Records drawn from a dataset:
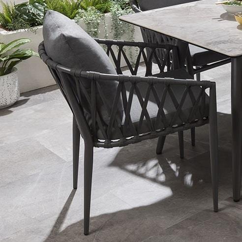 Reinvent your outdoor space with these fabulous all-weather grey rope-back garden dining chairs. The generously padded outdoor chairs are enhanced by a supportive back cushion for an extra layer of luxurious comfort. Our gorgeous rope back garden chairs will make a stunning addition to your outdoor seating area or patio.
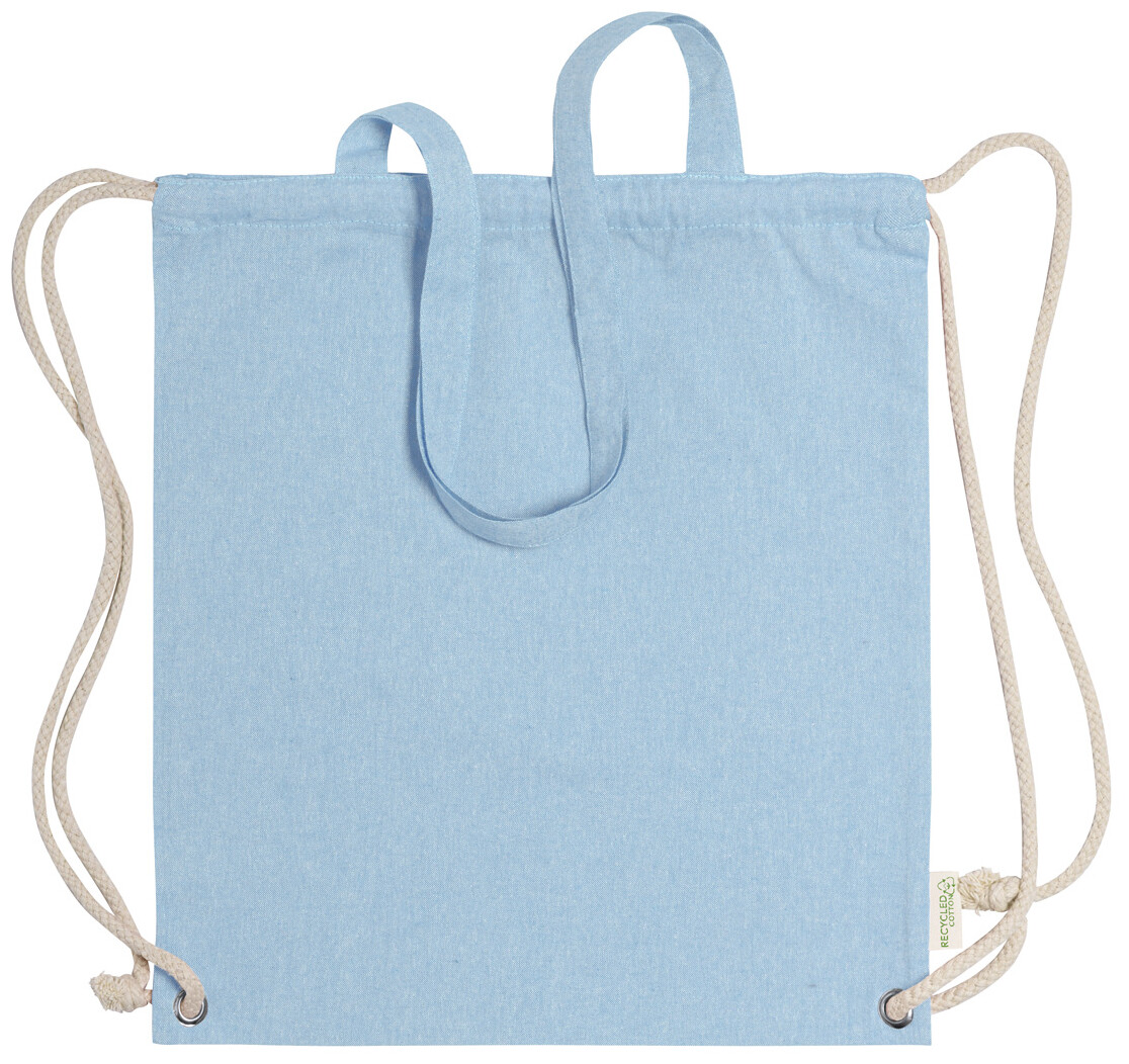Vak na stahování šňůrkou z recyklované bavlny se silnými pletenými šňůrami a dlouhými uchy. Lze jej také použít jako nákupní tašku. 100% recyklovaná bavlna, 140 g/m2.
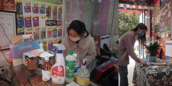 代销者对店内进行消毒杀菌,做好疫情防范
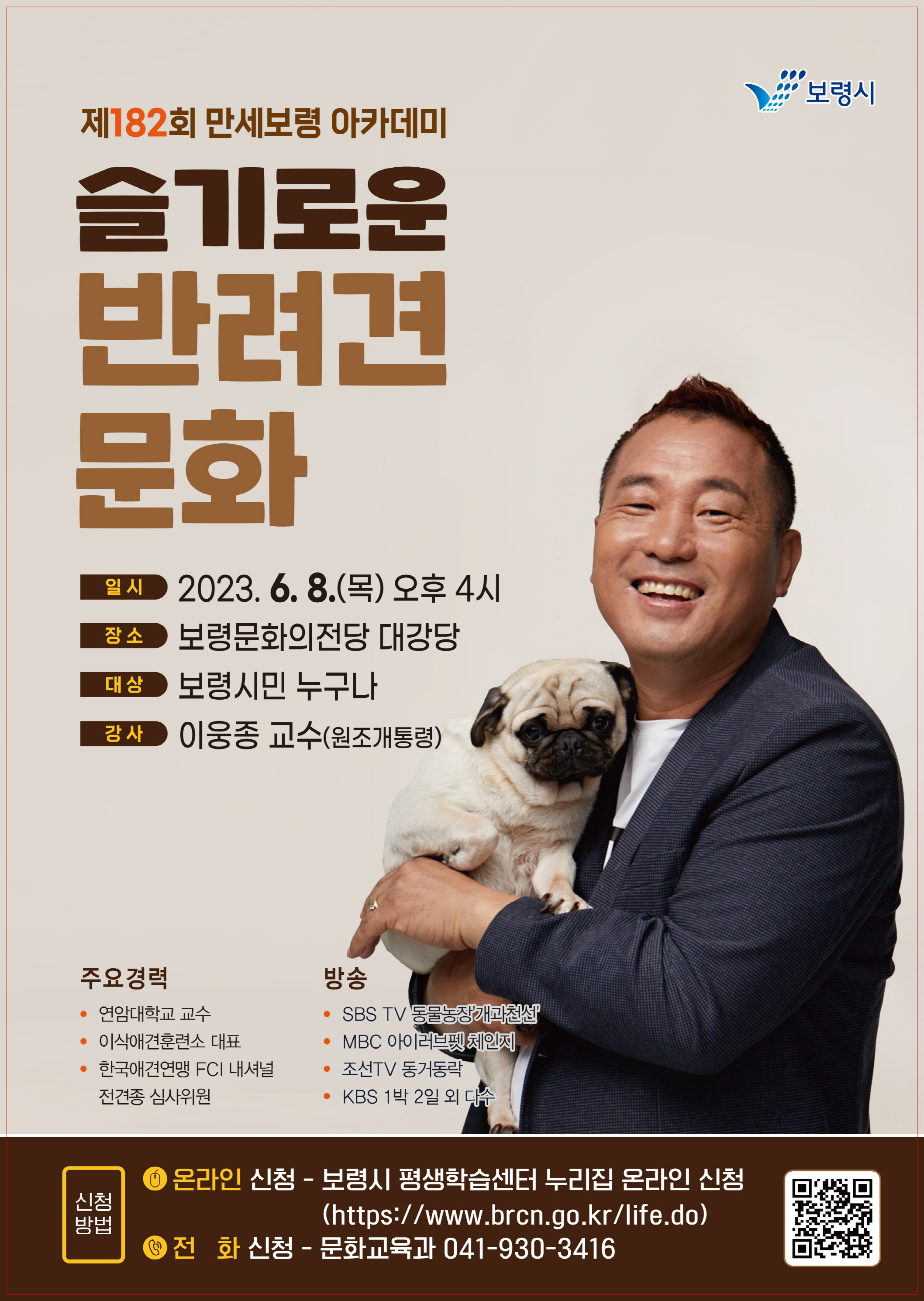 보령시는 오는 8일 오후 4시 보령문화의전당 대강당에서 이웅종 교수를 초빙해 ‘슬기로운 반려견 문화’라는 주제로 제182회 만세보령 아카데미 강연을 개최한다.
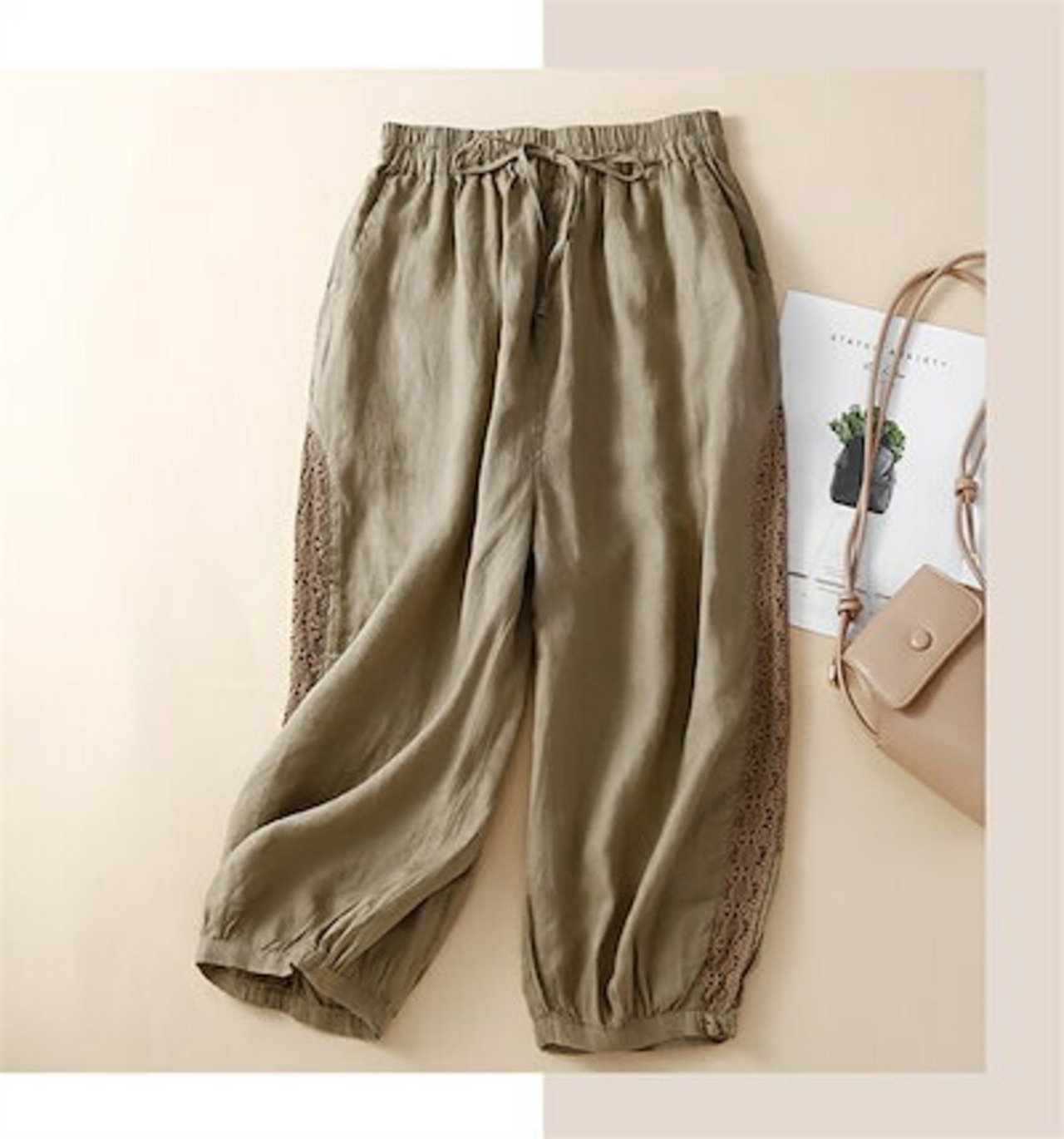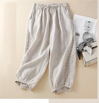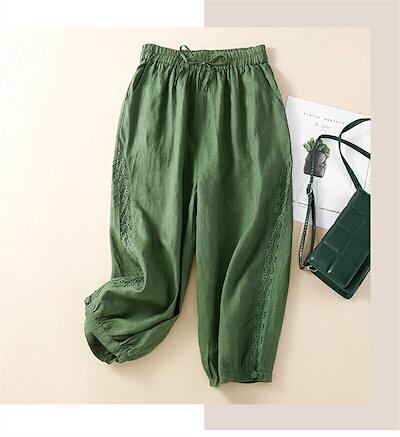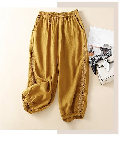 パンツ ボトムス 夏 綿麻パンツ ロングパンツ ワイドパンツ レディース 綿麻 レース 大きいサイズ リネン ボトムス ロングパンツ 9分丈 サルエルパンツ リネンパンツ 総ゴム ハイウエスト 長ズボ
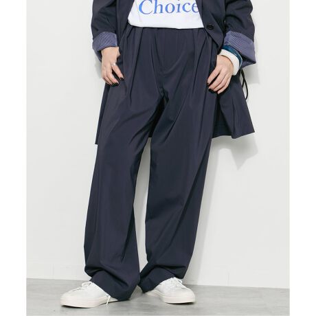 たっぷりタックの入ったワイドパンツはこれからの時期に嬉しい機能的素材。
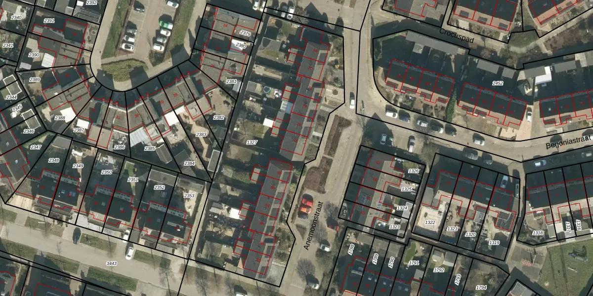 Het perceel waarop Anemoonstraat 78 staat heeft een oppervlakte van 2634 m². Dit is een zeer groot perceel. De perceeloppervlakte wordt geregistreerd door het Kadaster. Gedetailleerde informatie over de maten van dit perceel kunt u vinden in het rapport Kadastrale kaart met maatvoering van Anemoonstraat 78.
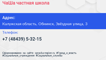 ЧаШа, частная школа по адресу Калужская область, Обнинск, Звёздная улица, 3 в дальнейшем Организация, размещена в следующих категориях:
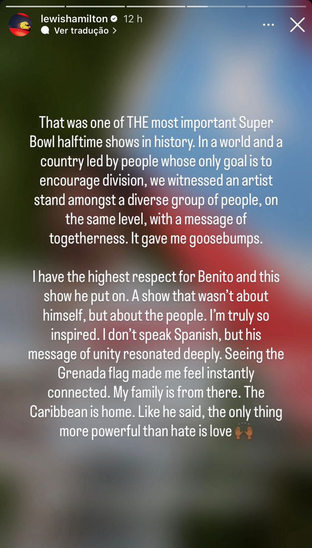 «Tenho o maior respeito por Benito [Bad Bunny] e por este espetáculo que ele fez. Um espetáculo que não foi para ele próprio, mas para as pessoas. Estou realmente muito inspirado. Não falo espanhol, mas a sua mensagem de unidade ressoou profundamente em mim. Ao ver a bandeira de Granada, senti-me imediatamente ligado. A minha família é de lá. As Caraíbas são a minha casa. Como ele disse, a única coisa mais forte do que o ódio é o amor», concluiu Hamilton.
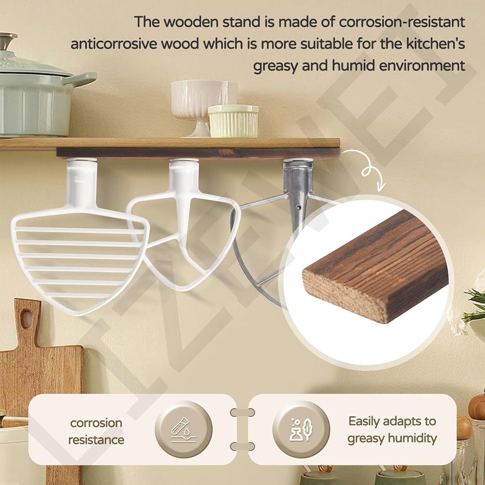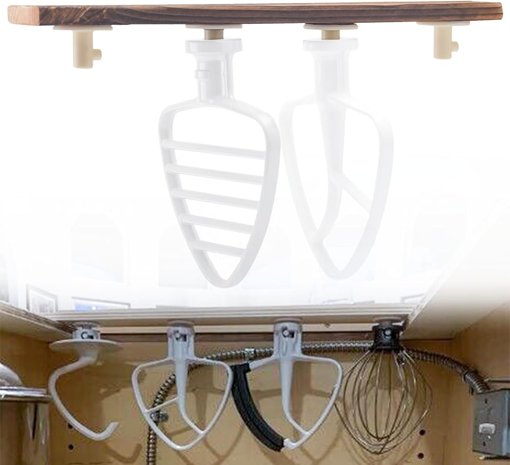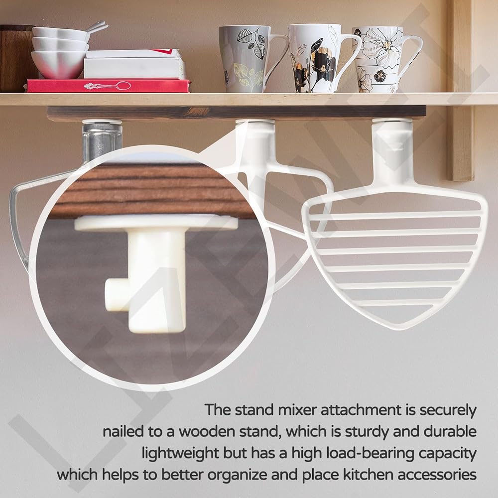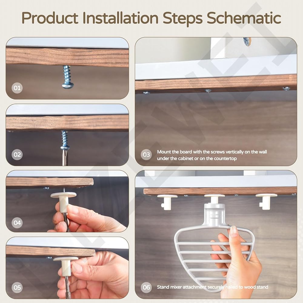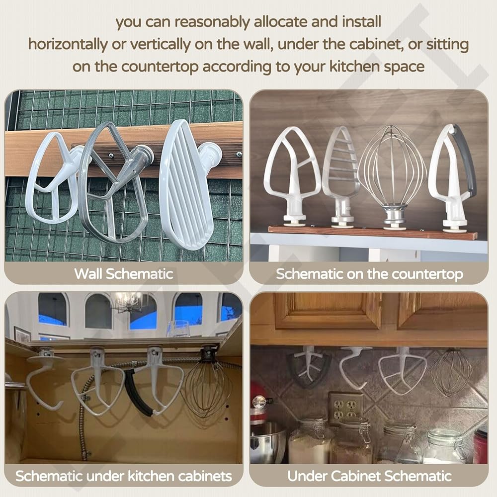 Installation: you can reasonably allocate and install horizontally or vertically on the wall, under the cabinet, or sitting on the countertop according to your kitchen space. The stand mixer attachment is securely nailed to the wooden bracket that holds up to 4 mixer attachments.

*Exercise instructions*
Quote every record above exactly, omitting any pictures they contain.

*The completed task*
 Reinvent your outdoor space with these fabulous all-weather grey rope-back garden dining chairs. The generously padded outdoor chairs are enhanced by a supportive back cushion for an extra layer of luxurious comfort. Our gorgeous rope back garden chairs will make a stunning addition to your outdoor seating area or patio.
Vak na stahování šňůrkou z recyklované bavlny se silnými pletenými šňůrami a dlouhými uchy. Lze jej také použít jako nákupní tašku. 100% recyklovaná bavlna, 140 g/m2.
 代销者对店内进行消毒杀菌,做好疫情防范
 보령시는 오는 8일 오후 4시 보령문화의전당 대강당에서 이웅종 교수를 초빙해 ‘슬기로운 반려견 문화’라는 주제로 제182회 만세보령 아카데미 강연을 개최한다.
 パンツ ボトムス 夏 綿麻パンツ ロングパンツ ワイドパンツ レディース 綿麻 レース 大きいサイズ リネン ボトムス ロングパンツ 9分丈 サルエルパンツ リネンパンツ 総ゴム ハイウエスト 長ズボ
 たっぷりタックの入ったワイドパンツはこれからの時期に嬉しい機能的素材。
 Het perceel waarop Anemoonstraat 78 staat heeft een oppervlakte van 2634 m². Dit is een zeer groot perceel. De perceeloppervlakte wordt geregistreerd door het Kadaster. Gedetailleerde informatie over de maten van dit perceel kunt u vinden in het rapport Kadastrale kaart met maatvoering van Anemoonstraat 78.
 ЧаШа, частная школа по адресу Калужская область, Обнинск, Звёздная улица, 3 в дальнейшем Организация, размещена в следующих категориях:
 «Tenho o maior respeito por Benito [Bad Bunny] e por este espetáculo que ele fez. Um espetáculo que não foi para ele próprio, mas para as pessoas. Estou realmente muito inspirado. Não falo espanhol, mas a sua mensagem de unidade ressoou profundamente em mim. Ao ver a bandeira de Granada, senti-me imediatamente ligado. A minha família é de lá. As Caraíbas são a minha casa. Como ele disse, a única coisa mais forte do que o ódio é o amor», concluiu Hamilton.
 Installation: you can reasonably allocate and install horizontally or vertically on the wall, under the cabinet, or sitting on the countertop according to your kitchen space. The stand mixer attachment is securely nailed to the wooden bracket that holds up to 4 mixer attachments.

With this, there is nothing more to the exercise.